Task brief:
Copy the final lines exactly, starting at the one that contains "我们今天翻看端老师的微博,仍然可见他当年对比特币的嘲讽:青楼女子比特币。" and ending with the last line of the listing below. Pictures are not part of the copy.

Given data:

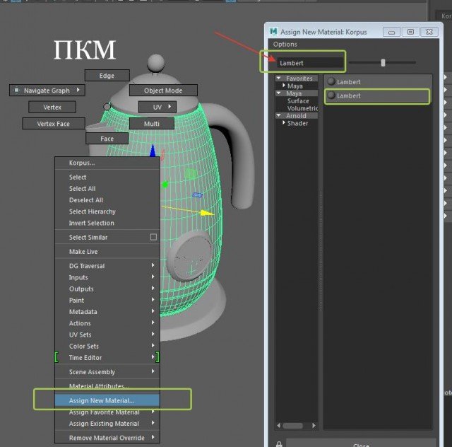 Шаг 1Теперь нам нужно назначить нашим деталям стандартные материалы, чтобы в KeyShot было удобно текстурировать их. Выберите корпус чайника. Щелкните правой кнопкой мыши и в открывшемся меню выберите Assign New Material.
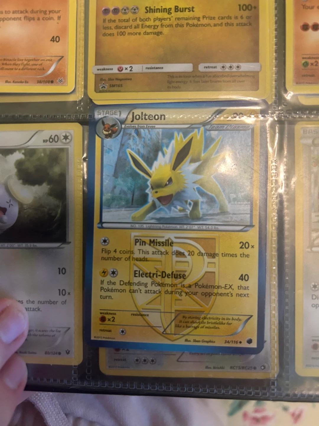 Selling a Jolteon Team Plasma Pokémon card! It's in good condition and ready to join your collection! This card has some cool attacks like Pin Missile and Electri-Defuse. A great addition for any Pokémon fan
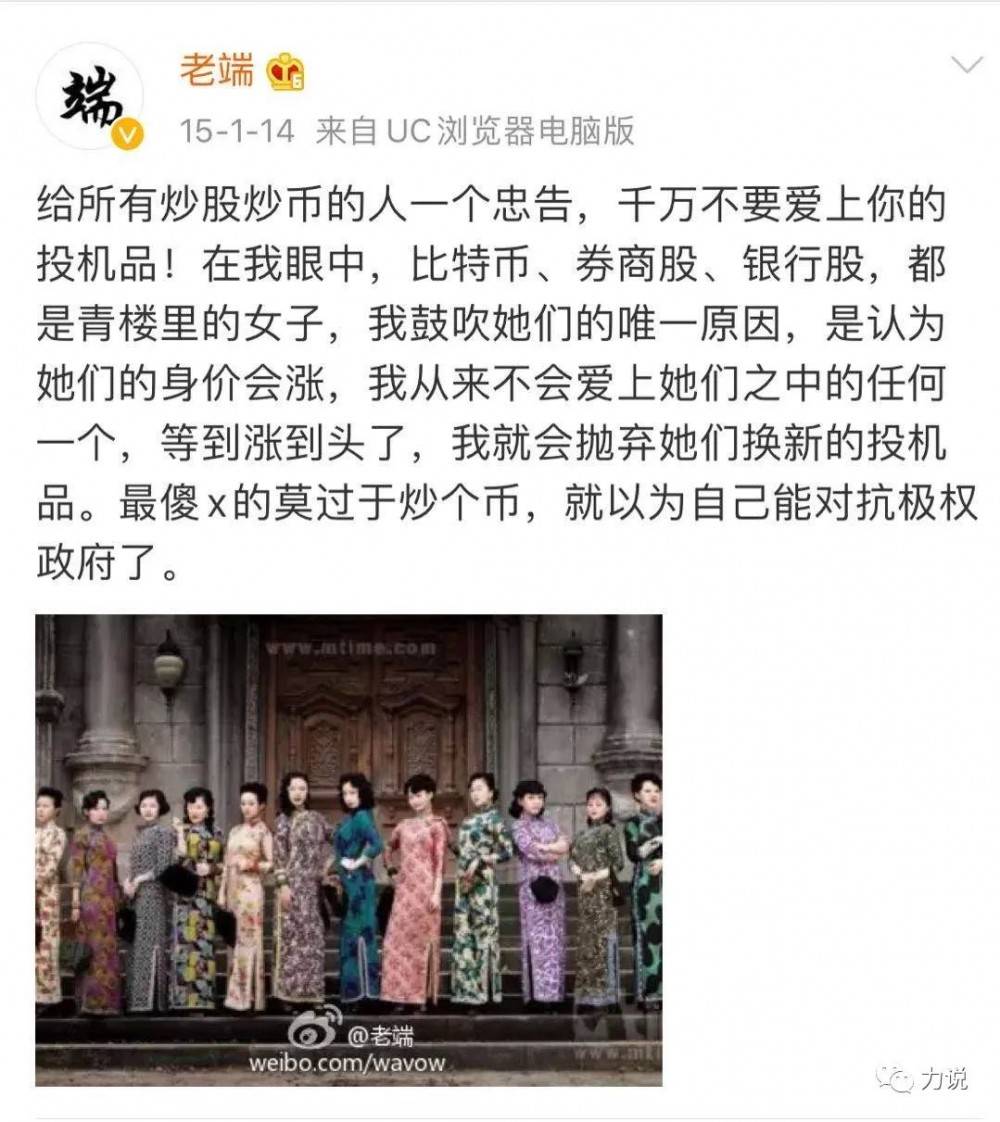 我们今天翻看端老师的微博,仍然可见他当年对比特币的嘲讽:青楼女子比特币。
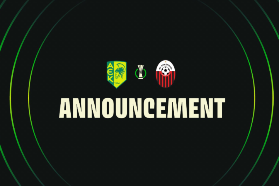 H AEK LARNACA FC LTD ενημερώνει για το πρόγραμμα διασκέψεων και προπονήσεων για τον αγώνα της 6ης αγωνιστικής της League Phase του UEFA Conference League με αντίπαλο την KF Shkëndija (Πέμπτη 18/12, 22:00).

Result of this task:
 我们今天翻看端老师的微博,仍然可见他当年对比特币的嘲讽:青楼女子比特币。
 H AEK LARNACA FC LTD ενημερώνει για το πρόγραμμα διασκέψεων και προπονήσεων για τον αγώνα της 6ης αγωνιστικής της League Phase του UEFA Conference League με αντίπαλο την KF Shkëndija (Πέμπτη 18/12, 22:00).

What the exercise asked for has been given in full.